I have a bunch of files which are similar to following:
File00
>A18178 1
atgcaccaataaaaaaacaagcttaacctaattc
File01
>A21196 1
cggccagatcta
File02
>A21197 1
agcttagatctggccgggg
File03
>AX557348 1
gcggatttactcaggggagagcccagataa
atggagtctgtgcgtccaca
I need to look into each file and check if the 2nd line starts with 'atg'. for example, only File00 starts with atg. This needs to be done as a shell script.
To be honest, this is a school assignment but I have been thinking about this for last 2-3 days and I cant seem to get it. I have put together following command:
grep -H -m 1 '^atg' ./mrna_split/File* |awk -F ":" '{print $1}'
The problem with the above command is that it also gives file names that have atg on the second line. For example, File03 will also be outputed. The grep outputs: ./mrna_split/File00:atgcaccaataaaaaaacaagcttaacctaattc.

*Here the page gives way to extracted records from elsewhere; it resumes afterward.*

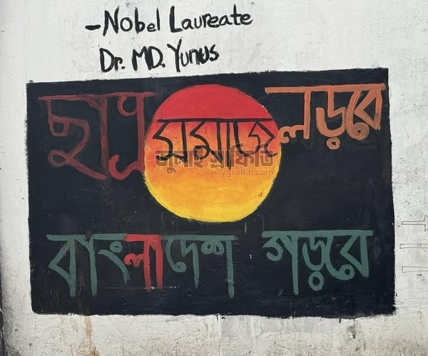 কাকরাইলের বিপ্লবীরা লিখেছে, ছাত্রসমাজ লড়বে, বাংলাদেশ গড়বে। ছবি: ইয়াসির আরাফাত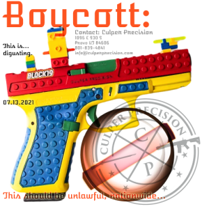 Now several of these fly-by-night, largely huckster led later-gen hand pistol companies are going under as well. And I am here for it. [At right is a malevolently moronic Utah/Texas company that was making fully-operational “Lego” branded pistols — using the Lego bricks entirely without an IP license (of course!), and clearly aiming it… at children. It went under in 2021.]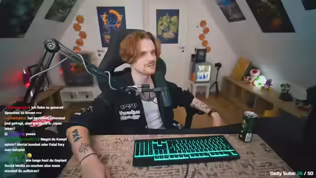 00:05:25Nach einer Pause geht der Streamer auf aktuelle Themen ein. Er äußert sich über das ungewöhnlich warme Wetter und seine Verwirrung darüber, warum einige Menschen noch Winterjacken bei über 20 Grad tragen. Er teilt persönliche Gewohnheiten bezüglich der Kleidung und seines Kälte-/Schwitzempfindens und erzählt von einer kürzlichen, mysteriösen Erkrankung, die Symptome wie Schüttelfrost, Appetitlosigkeit und Kopfschmerzen umfasste, die er als möglichen Magen-Darm-Infekt einstuft.
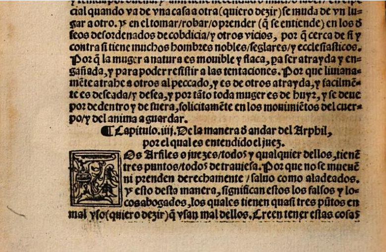 “Los Arfiles o juezes / todos y qualquier dellos, tienen tres puntos / todos de trauiesa. Porque no se mueue ni prenden derechamente / saluo como aladeados. Y ello desta manera, significan estos los locos y falsos abogados, los quales tienen quasi tres puntos en mal uso (quieo dezir) que usan mal dellos. Creen tener estas cosas clara noticia de la verdad, buena eloquencia / hermosa familiaridad y rica y abastada familia. De aquestas tres cosas siempre usan mal. Has de notar quando ya están ricos, de que manera alargan, polongan/ y abreuian los pleitos y plazos dellos, por sus blandas y hermosas palabras, y agradables y mañosas razones, fingiendo que quieren yr como descontentos de los juezes, por que no poroueen lo que quieren que se prouea. El canto de los tales semejante es al de las sirenas, las quales con su cantar atraen a peligro a los marineros. De los queles es dicho en un salmo: acecha para arrebatar o robar al pobre para tragarle. Pero no ay necesidad que el diablo los trayga alli, porque ellos corren, y faltando se dan priesa por yr presto con el.

The awk command then gets only the filename.
Any input is appreciated.
Thank you.
I think he only needs the filenames, not the sequence ids:
find ./ -name "File[0-9]*" -exec awk 'NR==2 {if(substr($0,1,3)=="atg") print FILENAME; exit}' '{}' ';'
should work
I suppose it's possible that the first line of sequence be "AT" or even just "A", since the specification states only that lines should be shorter than 80 characters. However, I'd regard that as a very odd FASTA file.
what if one atg sequence is splitted over two lines? e.g. ...ATnG...
Hey guys. Thanks for the reply. The above command (both andreas and Pierre) works perfectly. In the end, I am supposed to make a atg.fa file which has all the sequence that start with atg. right now, after i get the filename from the above script, i use for loop in shell script to cat the matched file with atg.fa . Is there a better way?